**EXERCISE INSTRUCTIONS**.
Instruction for the entries that follow: retype exactly the lines from the line with "119 소방활동 상황보고(1. 17. 화) 17:00" to the line with "Rechteckiges Fragment eines", both included, and omit all others.

**RECORDS SHOWN**.
>>>

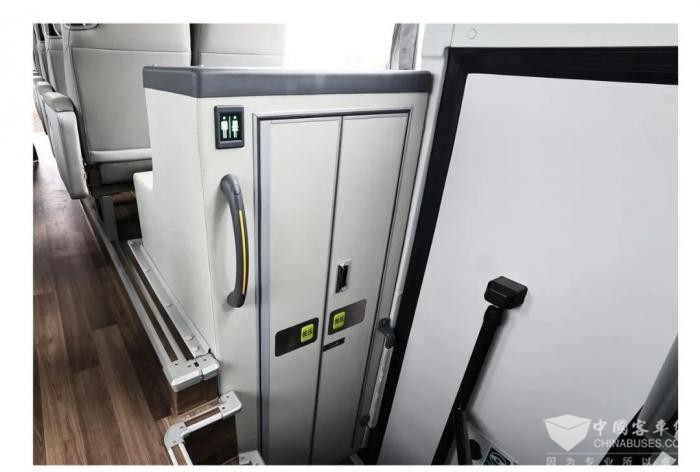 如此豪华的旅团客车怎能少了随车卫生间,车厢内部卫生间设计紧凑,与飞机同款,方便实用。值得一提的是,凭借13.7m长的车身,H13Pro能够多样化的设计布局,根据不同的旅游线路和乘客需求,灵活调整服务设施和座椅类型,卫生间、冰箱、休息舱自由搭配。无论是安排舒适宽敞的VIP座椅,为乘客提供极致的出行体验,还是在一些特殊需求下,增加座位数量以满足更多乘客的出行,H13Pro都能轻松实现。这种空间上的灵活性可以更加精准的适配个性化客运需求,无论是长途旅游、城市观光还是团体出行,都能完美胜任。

<<<
>>>

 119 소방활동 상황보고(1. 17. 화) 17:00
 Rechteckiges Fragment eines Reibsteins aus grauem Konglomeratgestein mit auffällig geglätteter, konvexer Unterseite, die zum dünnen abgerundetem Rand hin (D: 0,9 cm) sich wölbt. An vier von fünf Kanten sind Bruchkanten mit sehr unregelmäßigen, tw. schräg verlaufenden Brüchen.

<<<

**EXPECTED OUTPUT**.
 119 소방활동 상황보고(1. 17. 화) 17:00
 Rechteckiges Fragment eines Reibsteins aus grauem Konglomeratgestein mit auffällig geglätteter, konvexer Unterseite, die zum dünnen abgerundetem Rand hin (D: 0,9 cm) sich wölbt. An vier von fünf Kanten sind Bruchkanten mit sehr unregelmäßigen, tw. schräg verlaufenden Brüchen.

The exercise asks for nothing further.